# Slope Fields and Determing Behavior of Any Solution

• Bashyboy
In summary, the differential equation y' = y^2 has a solution curve that depends on the initial value of y at t = 0. If the solution curve passes through a point with y > 0, then as t approaches infinity, y will also approach infinity. However, if the solution curve passes through a point with y < 0, then as t approaches infinity, y will approach 0. It is also possible for the solution curve to pass through the point (0,0), in which case y will remain at 0 as t approaches infinity.

## Homework Statement

The differential equation is y' = y^2
Draw a direction field for the given differential equation.
Based on the direction field, determine the behavior of y as t →∞. If this behavior depends
on the initial value of y at t =0, describe this dependency.

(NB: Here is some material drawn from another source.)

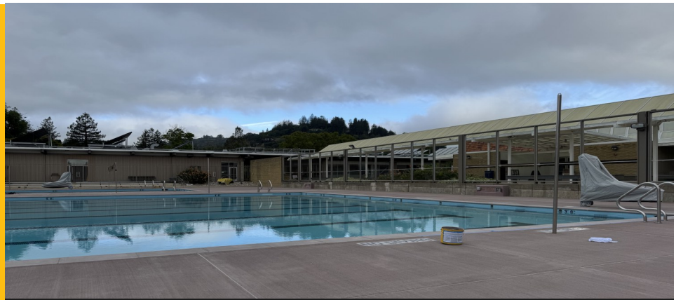
Diamond PE Center Pool, Kentfield Campus
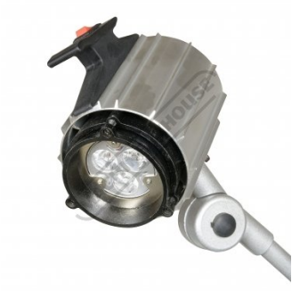
LED Worklight Close Up

## The Attempt at a Solution

Okay, so I plotted the slope field by evaluating the derivative at several different y-values. This is what I observed:

The solution curve certainly depends on the initial y-value when t=0. If particular solution y(t) to the DE has a solution of the form (t=0, y>0) (passes through a point), then as t----> infinity,
y(t)----> infinity. On the other hand, if some particular solution y(t) passes through a point of the form (t=0, y<0), then as t--->infinity, y(t)----> 0

Are these correct observations; and have I used terminology and notation correctly?

Also, when considering solutions that pass through the negative portion of the y-axis, will some approach y=0 more quickly than others?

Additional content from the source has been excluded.